К западу вид был не так хорош — там начиналась запретка; в войну здесь были вроде ракетные шахты, по ним шарахнули термоядом. Новым зарядом, практически чистым. Радиации как таковой не осталось, но там, дальше — гигантская воронка, а отсюда видно выжженную черно-желтую пустыню с глянцевой поверхностью, на сотни гектаров. Там до сих пор ничего не растет. Почва спеклась.

Бинх обнял девочку за плечи.

— Красиво, — сказала она, — но там — страшно.

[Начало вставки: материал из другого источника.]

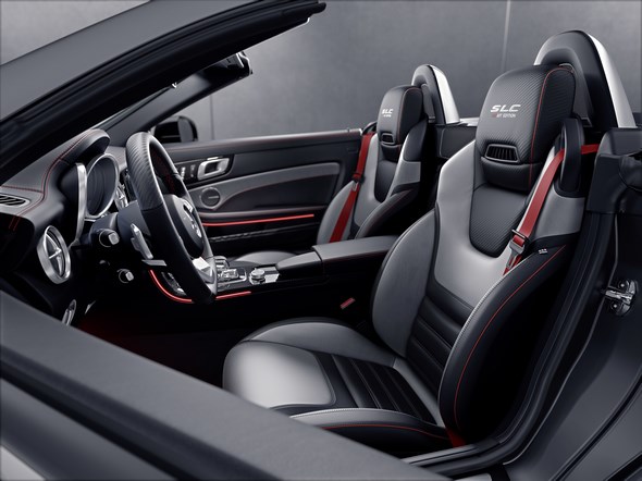 In the AMG Line, the RedArt Edition special model is equipped with 45.7 cm (18-inch) AMG 5-spoke light-alloy wheels, AMG front and rear apron, sports suspension, sports exhaust system (SLC 200 only), instrument cluster with a chequered flag design as well as AMG floor mats.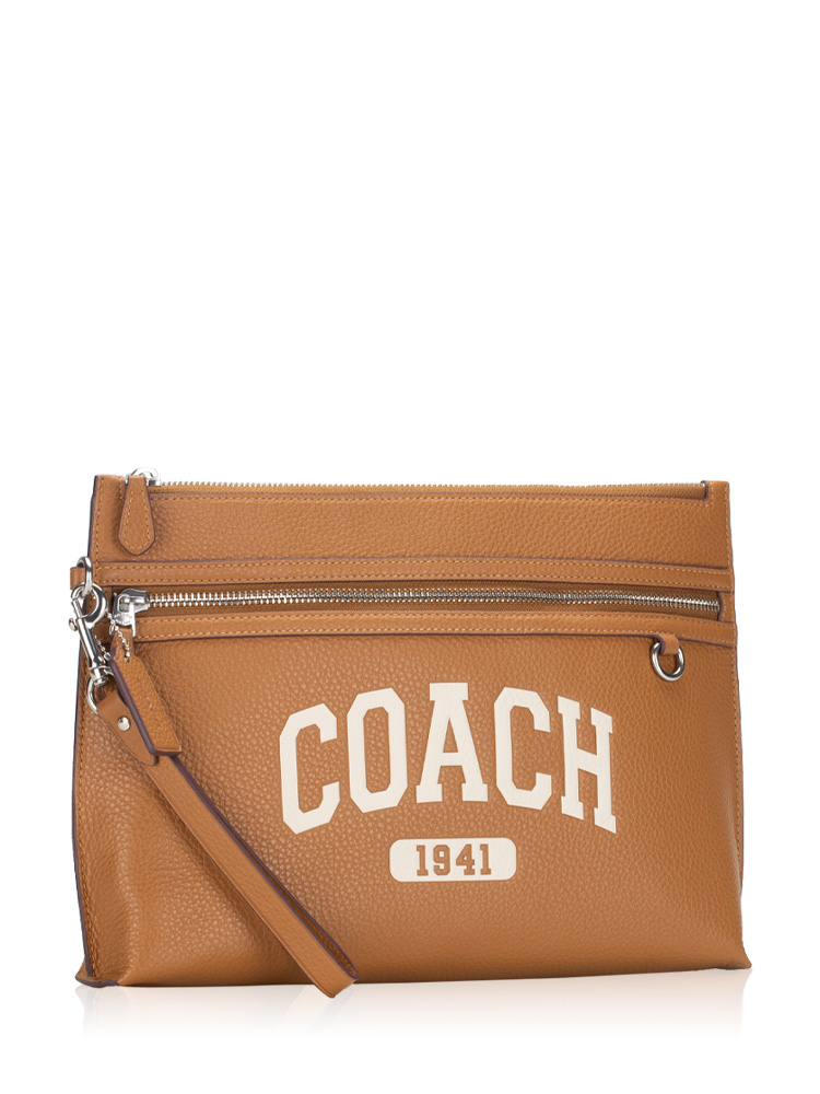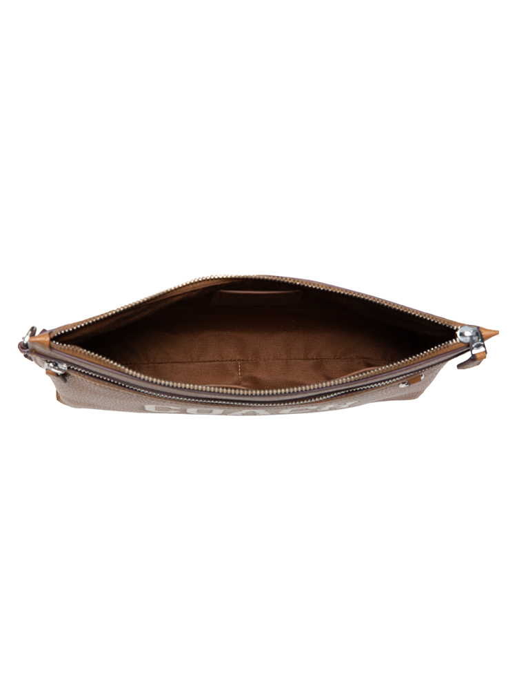 Made of refined pebble leather with fabric lining. The pouch features an open zip closure, silver tone hardware, two slip pockets, and one front exterior zip pocket.

— Здесь не так плохо, — ответил Бинх, — у вас много сохранилось. Здесь и в Сибири. В Корее много хуже. В Европе хуже. Как думаешь, до вечера вон тот перевал возьмем еще? Давай спускаться.

 

 

— Знаешь, что самое противное? Что гибнут люди вокруг — ладно. Это война, понятно. Что страшно — тоже… можно привыкнуть. А вот что я никак понять не могу — почему их-то надо было убивать?

— Кого — их? Цзяофани?

— Они маоисты. Такие же простые крестьяне, как наши. Нормальные люди. У них руки такие все, в мозолях. Они же раньше тоже… может, досыта редко ели. Понимаешь? Я не знаю, почему так получается. Мы как-то в плен взяли троих. Я раньше дурак такой был, думал, это какие-то враги, буржуи. Предатели. А тут сидят нормальные люди, такие же, как мой отец, брат. Один молодой был. Люди как люди, свои же. Их расстреляли потом.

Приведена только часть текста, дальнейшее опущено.